Pelican-Unify 1.0: A Unified Embodied Intelligence Model for Understanding, Reasoning, Imagination and Action
Pith reviewed 2026-05-22 09:40 UTC · model grok-4.3
The pith
A single VLM with joint language-video-action losses and a future generator can match specialist performance on understanding, reasoning, and embodied action.
A machine-rendered reading of the paper's core claim, the machinery that carries it, and where it could break.
Core claim
The paper establishes that a single VLM can act as unified understanding and reasoning module by mapping inputs into a shared semantic space and autoregressively generating chains of thought while projecting the final state to a latent; a Unified Future Generator then conditions on this latent to jointly generate future videos and future actions via modality-specific heads in one denoising process, with language, video, and action losses all back-propagated into the shared representation, allowing the model to reach 64.7 on VLM benchmarks, 66.03 on WorldArena (first), and 93.5 on RoboTwin (second-best) using one checkpoint.
What carries the argument
The Unified Future Generator (UFG) that takes the VLM's final hidden-state latent and produces future videos and actions through two modality-specific heads inside the same denoising process.
If this is right
- Embodied systems could replace separate perception, reasoning, and control modules with one jointly trained network.
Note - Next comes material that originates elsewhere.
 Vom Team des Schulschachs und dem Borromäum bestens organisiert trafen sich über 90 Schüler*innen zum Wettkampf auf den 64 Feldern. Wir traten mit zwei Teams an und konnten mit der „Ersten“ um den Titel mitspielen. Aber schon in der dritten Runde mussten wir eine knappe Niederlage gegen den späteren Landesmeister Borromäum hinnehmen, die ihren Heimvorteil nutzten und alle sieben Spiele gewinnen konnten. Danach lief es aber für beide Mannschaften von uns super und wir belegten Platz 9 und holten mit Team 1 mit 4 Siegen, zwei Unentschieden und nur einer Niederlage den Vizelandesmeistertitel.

- Planning in robots could directly use the model's generated future videos and actions for decision making.
- Training pipelines for embodied AI can focus on a single shared representation instead of staged specialist training.
- Performance on language and vision benchmarks can transfer to action generation without separate fine-tuning.
Where Pith is reading between the lines
- The approach may reduce overall system complexity and latency by eliminating hand-offs between separate models.
- Extending the joint denoising process to longer video horizons or additional sensor modalities could be tested directly on the same architecture.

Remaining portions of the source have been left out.